The US Air Force used its largest aircraft to transport $5 billion worth of illegal drugs from a storage facility in California to eventually destroy them in the Midwest.
The initiative, called Operation Burnout, was “the largest recorded airlift of dangerous drugs for destruction,” the Air Force said in a news release Tuesday. The operation lasted from May 18 to May 20 and began at March Air Force Reserve Base in Riverside County, from where 50 tons of seized drugs were airlifted on a C-5M Super Galaxy aircraft to Wright-Patterson Air Force Base in Ohio.
The drugs, which included fentanyl, cocaine and methamphetamine, were then transported to a facility in Indiana for “final destruction,” the Air Force said.

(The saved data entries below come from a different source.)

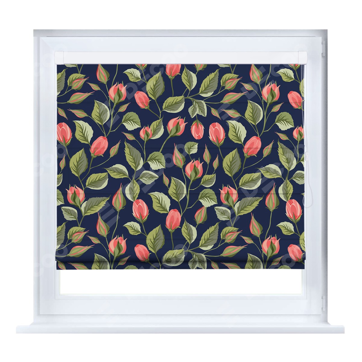Римская штора кассетного типа, производителя «Cortin», устанавливается только на пластиковые окна и прилегает к стеклопакету, пошита из ткани блэкаут с нанесением сублимационной печати «Красная роза».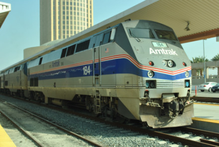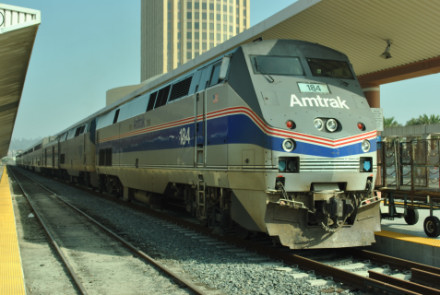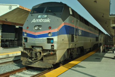 Amtrak Heritage Unit P42DC 184, built by General Electric in 2001, in its 40th Anniversary paint scheme, at Los Angeles.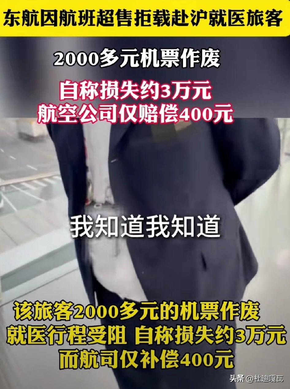 这事搁谁心里都不舒服,和其他乘客一样都是花了2000多块钱买的机票,哪怕自己早来了也只能眼睁睁的看着后面的乘客登机,而工作人员的一句补偿400元,直接让这位乘客崩溃了。 自己花了30000块约的专家号就这样泡汤了,而东航却只愿补偿400元,也不光是钱的问题,毕竟这个专家号太难约了,这些大公司是无法想象普通人看个病有多么难。 就像网友所说的那样,既然是航空公司的问题,由于改签所造成的一切损失都应该进行补偿,而不仅仅只是这400元!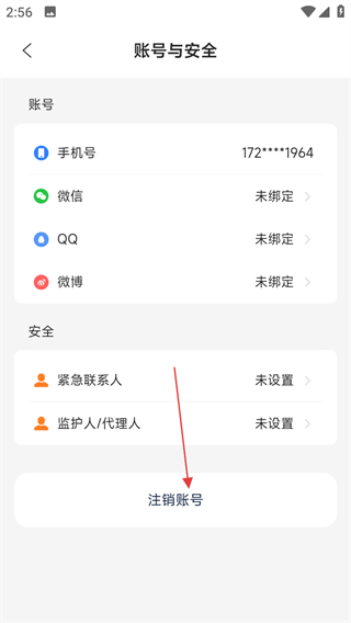 4、在账号与安全页面,点击注销账号,可进行账号注销操作。
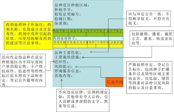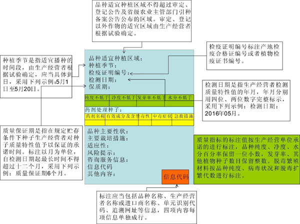 对于农作物种子标签的标注要求如下。农作物种子标签正面: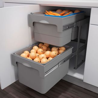 Комплектация: 2 съемных пластиковых ведра объемом по 15 л с пластиковыми ручками и 2 пластиковыми крышками, 1 съемное пластиковое ведро объемом 34 л с металлическими ручками, опорная пластиковая рама, шариковые направляющие полного выдвижения, крепежная фурнитура. Тех. размеры: высота 665 мм, глубина 485 мм. None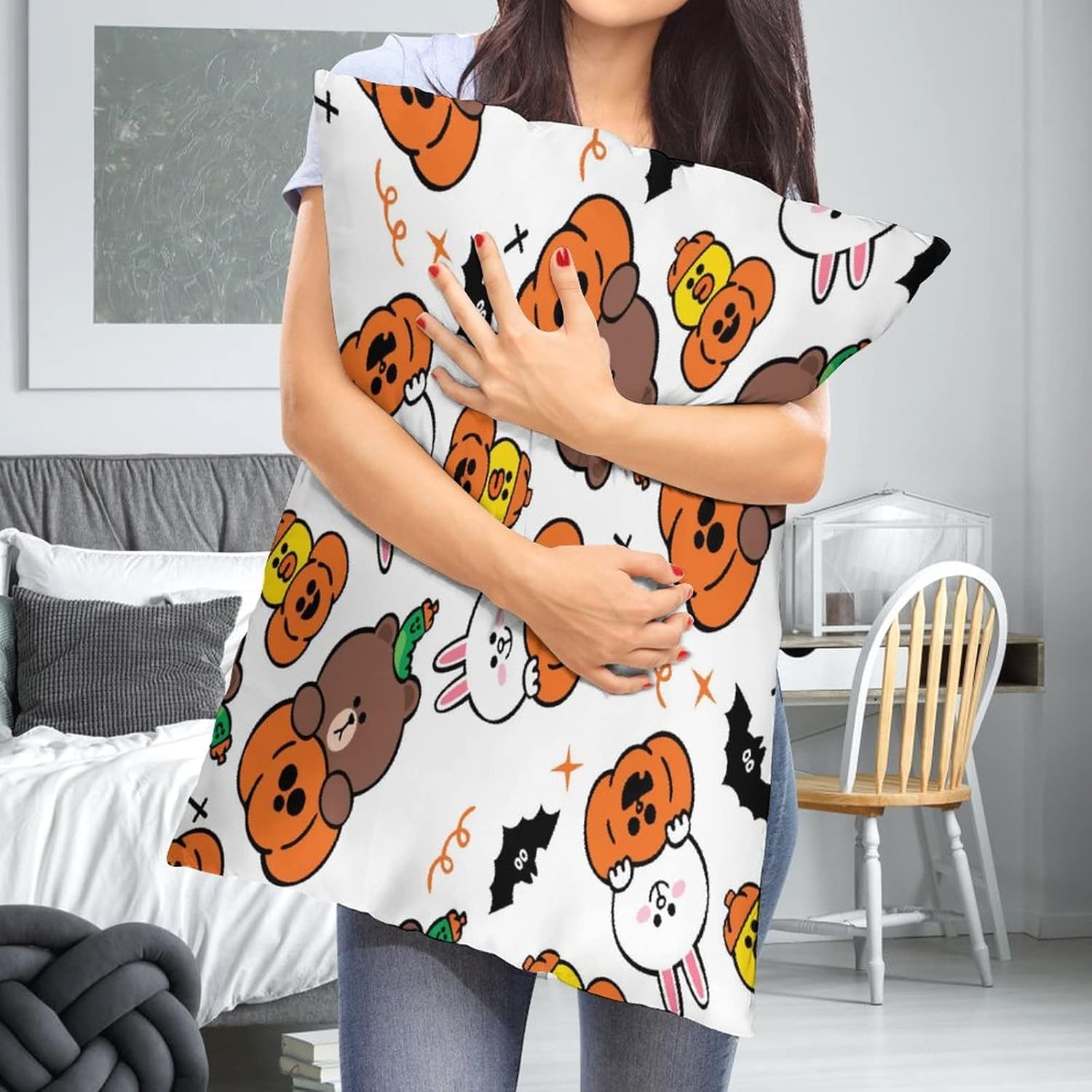 【Уникальный дизайн】Двусторонняя прозрачная печать, не выцветает, невидимая потайная молния, идеальное украшение для дома, квартиры, кровати, спальни, гостиной, дивана.

Gerald Mapp, a senior adviser to the Defense Department’s Drug Enforcement Administration, said in a press release that the recent closure of large hazardous materials destruction facilities has left authorities with growing piles of seized drugs.
“We have to store these things as soon as we confiscate them in an approved warehouse, but new things are always coming in,” he said. “You have to look at fentanyl as a serious problem: one pill can kill you.”
Authorities said the C-5M Super Galaxy helped speed up the drug destruction process and also helped crews avoid ambushes, thefts and other logistical problems.
“If we had not partnered with the Air Force, we would have had to transport it across multiple states, which would have required tons of manpower and days,” Rashida Weathers-Hurst, chief of the DEA’s forensics division, said in a press release.
According to the Air Force website, the C-5M Super Galaxy is primarily used to transport cargo and personnel for the U.S. Department of Defense. It has five sets of landing gear, 28 wheels and four engines, and can carry 281,001 pounds of cargo.
In California, authorities have been stepping up their crackdown on illegal drugs, especially fentanyl, in recent years. In March, California Gov. Gavin Newsom’s office announced that California Highway Patrol officers had seized 2,549 pounds of drugs over the past two years, including more than 50,110 grams of fentanyl.